• SUPPLIED DATA
——————

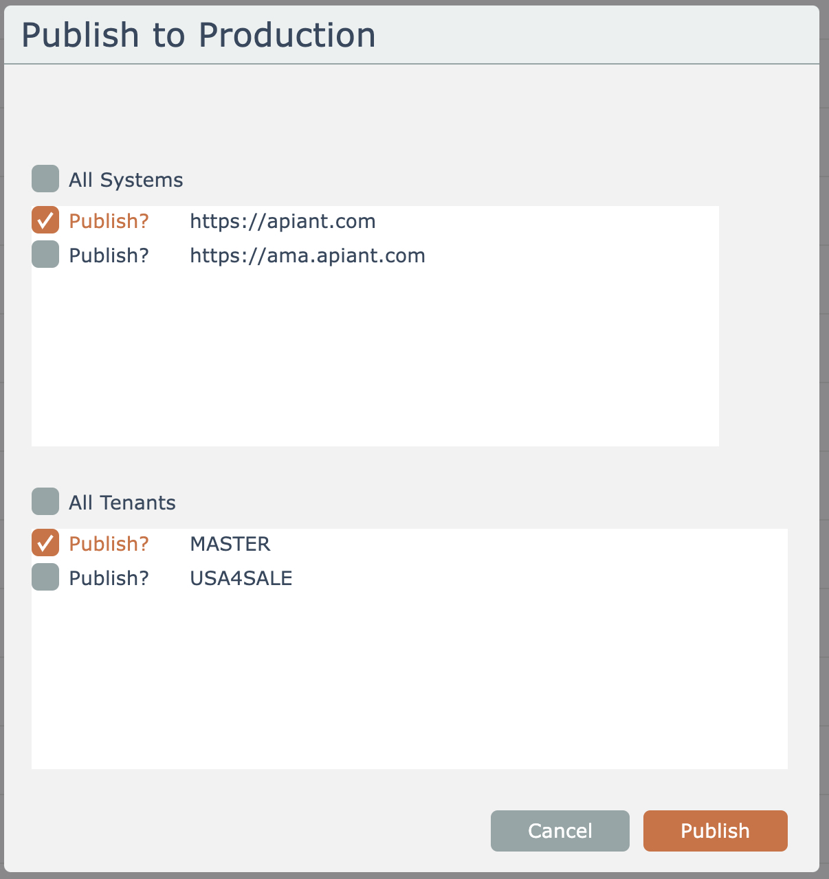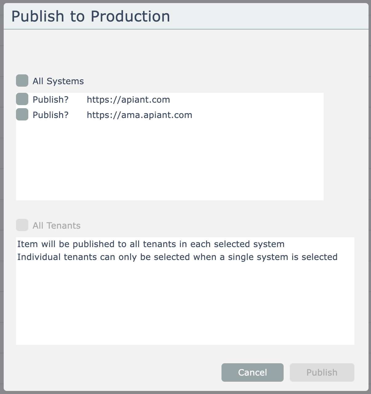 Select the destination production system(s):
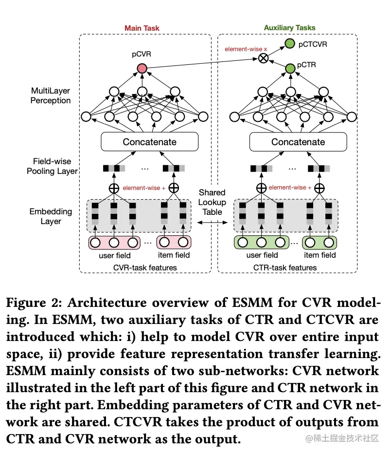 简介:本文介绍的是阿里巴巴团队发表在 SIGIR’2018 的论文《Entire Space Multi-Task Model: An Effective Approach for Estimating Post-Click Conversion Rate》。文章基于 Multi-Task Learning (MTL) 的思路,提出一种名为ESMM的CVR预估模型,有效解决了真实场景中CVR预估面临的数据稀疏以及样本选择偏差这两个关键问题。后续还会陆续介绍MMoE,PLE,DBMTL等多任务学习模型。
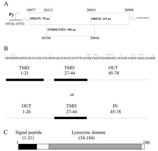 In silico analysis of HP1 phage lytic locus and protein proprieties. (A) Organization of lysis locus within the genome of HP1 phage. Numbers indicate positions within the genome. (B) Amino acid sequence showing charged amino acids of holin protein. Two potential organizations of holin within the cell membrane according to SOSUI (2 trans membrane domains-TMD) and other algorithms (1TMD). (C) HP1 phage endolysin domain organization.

——————

• DIRECTIONS
Drop the images and repeat the data exactly.

• RESULT BELOW
 Select the destination production system(s):
 简介:本文介绍的是阿里巴巴团队发表在 SIGIR’2018 的论文《Entire Space Multi-Task Model: An Effective Approach for Estimating Post-Click Conversion Rate》。文章基于 Multi-Task Learning (MTL) 的思路,提出一种名为ESMM的CVR预估模型,有效解决了真实场景中CVR预估面临的数据稀疏以及样本选择偏差这两个关键问题。后续还会陆续介绍MMoE,PLE,DBMTL等多任务学习模型。
 In silico analysis of HP1 phage lytic locus and protein proprieties. (A) Organization of lysis locus within the genome of HP1 phage. Numbers indicate positions within the genome. (B) Amino acid sequence showing charged amino acids of holin protein. Two potential organizations of holin within the cell membrane according to SOSUI (2 trans membrane domains-TMD) and other algorithms (1TMD). (C) HP1 phage endolysin domain organization.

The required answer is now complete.